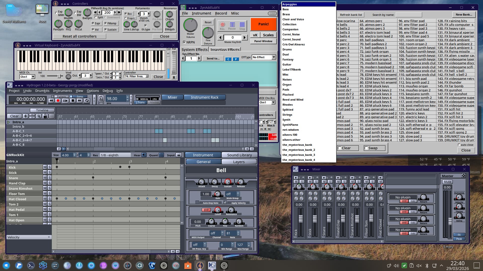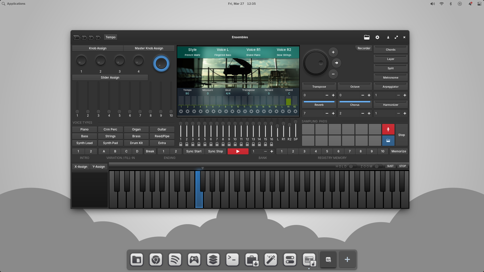 Can't get Ensembles in non-flatpak format. Probably not compatible with PCLOS Debian. Decided to install ZynAddSubFX and Hydrogen drum apps:
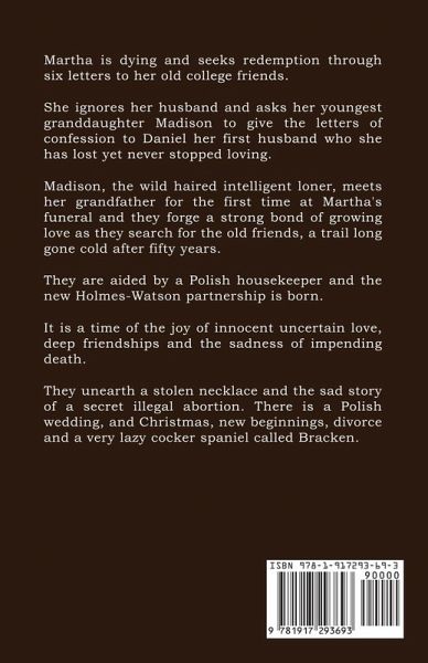 Martha is dying and seeks redemption through six letters to her old college friends. She ignores her husband and asks her youngest granddaughter Madison to give the letters of confession to Daniel her first husband who she has lost yet never stopped loving. Madison, the wild haired intelligent loner, meets her grandfather for the first time at Martha's funeral and they forge a strong bond of growing love as they search for the old friends, a trail long gone cold after fifty years. They are aided by a Polish housekeeper and the new Holmes-Watson partnership is born. It is a time of the joy of innocent uncertain love, deep friendships and the sadness of impending death. They unearth a stolen necklace and the sad story of a secret illegal abortion. There is a Polish wedding, and Christmas, new beginnings, divorce and a very lazy cocker spaniel called Bracken.
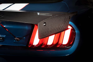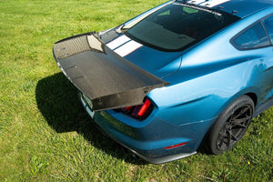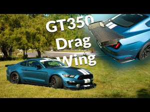 The Drag Wing for the S550 GT350 is built to remove drag from the vehicle, making the car more slippery when going down the dragstrip or airfield. This reduction in drag comes from reducing the pressure drag on the back side of the Mustang. By reducing the pressure bubble, the car benefits from a reduction of drag. The wing is designed to work on the factory trunk and handle the downforce well, the rear spoiler or drag wing bolts on easily and improves performance this sports car can utilize on the drag strip or during half mile or mile events.
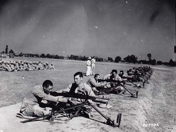在印度兰姆伽训练中心,美国教官教中国军队高级军官如何使用英国布伦式机关枪。图中,上等兵施瓦茨在教吴子兴(音)上校(前方两人)机枪射击。
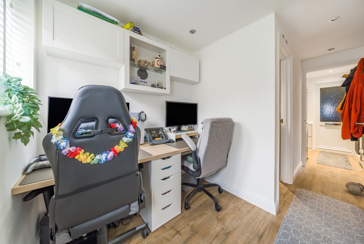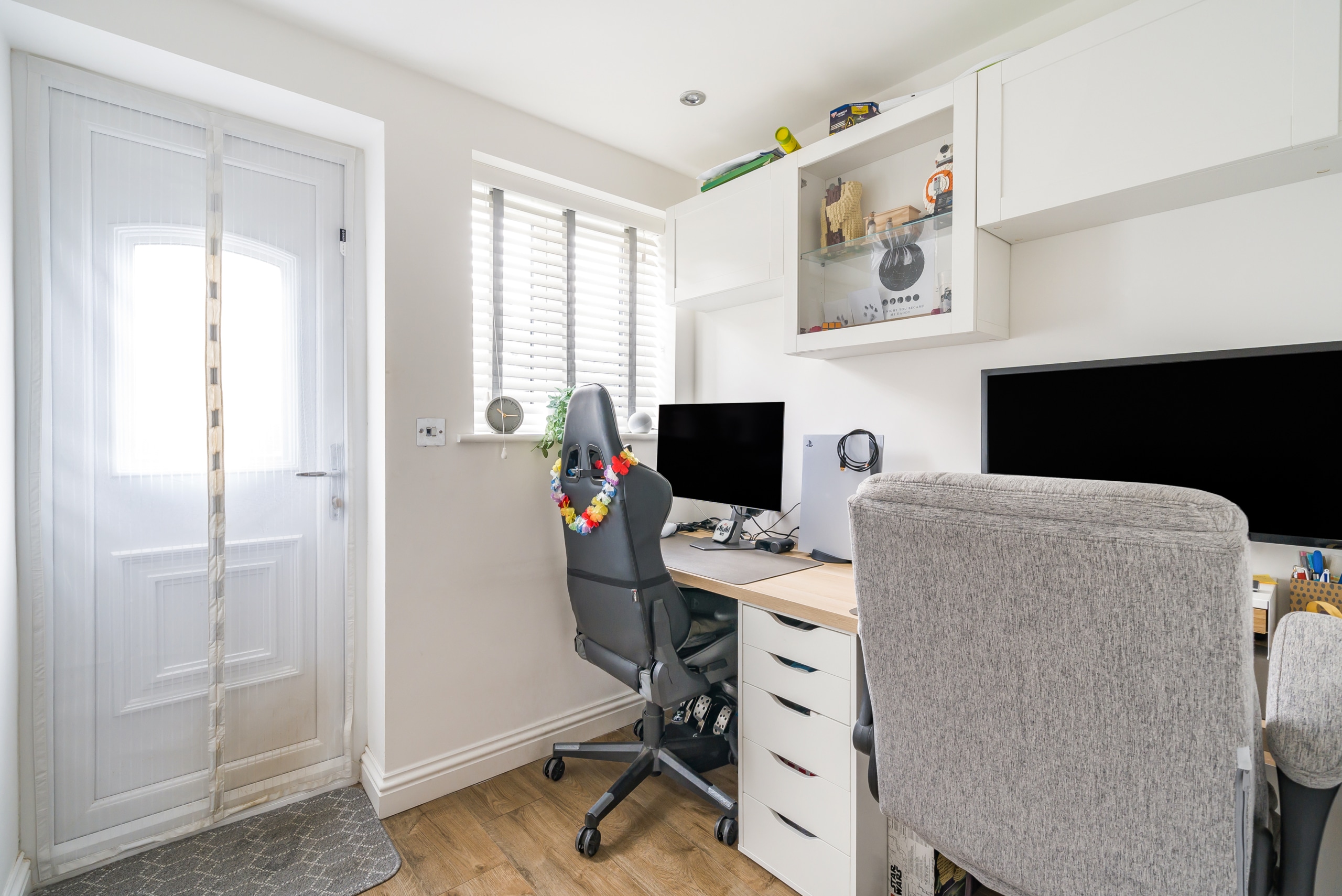 This immaculately presented home comprises of; entrance porch, cosy living room, recently fitted integrated kitchen with breakfast bar, conservatory, downstairs WC and shower room as well as a space for an office or games room. The stairs are finished with glass balustrades and solid oak handle, leading to the third bedroom, second double bedroom, generous master bedroom and family bathroom with a shower over the bathtub. The property also benefits from a low maintenance, private rear garden laid to patio and artificial lawn, a garage store space with electric roller door and spacious driveway for three vehicles.

» **Description of the task**:
Every record, from top to bottom, gets written out exactly; no picture goes into the copy.

» **Answer box**:
 Can't get Ensembles in non-flatpak format. Probably not compatible with PCLOS Debian. Decided to install ZynAddSubFX and Hydrogen drum apps:
 Martha is dying and seeks redemption through six letters to her old college friends. She ignores her husband and asks her youngest granddaughter Madison to give the letters of confession to Daniel her first husband who she has lost yet never stopped loving. Madison, the wild haired intelligent loner, meets her grandfather for the first time at Martha's funeral and they forge a strong bond of growing love as they search for the old friends, a trail long gone cold after fifty years. They are aided by a Polish housekeeper and the new Holmes-Watson partnership is born. It is a time of the joy of innocent uncertain love, deep friendships and the sadness of impending death. They unearth a stolen necklace and the sad story of a secret illegal abortion. There is a Polish wedding, and Christmas, new beginnings, divorce and a very lazy cocker spaniel called Bracken.
 The Drag Wing for the S550 GT350 is built to remove drag from the vehicle, making the car more slippery when going down the dragstrip or airfield. This reduction in drag comes from reducing the pressure drag on the back side of the Mustang. By reducing the pressure bubble, the car benefits from a reduction of drag. The wing is designed to work on the factory trunk and handle the downforce well, the rear spoiler or drag wing bolts on easily and improves performance this sports car can utilize on the drag strip or during half mile or mile events.
在印度兰姆伽训练中心,美国教官教中国军队高级军官如何使用英国布伦式机关枪。图中,上等兵施瓦茨在教吴子兴(音)上校(前方两人)机枪射击。
 This immaculately presented home comprises of; entrance porch, cosy living room, recently fitted integrated kitchen with breakfast bar, conservatory, downstairs WC and shower room as well as a space for an office or games room. The stairs are finished with glass balustrades and solid oak handle, leading to the third bedroom, second double bedroom, generous master bedroom and family bathroom with a shower over the bathtub. The property also benefits from a low maintenance, private rear garden laid to patio and artificial lawn, a garage store space with electric roller door and spacious driveway for three vehicles.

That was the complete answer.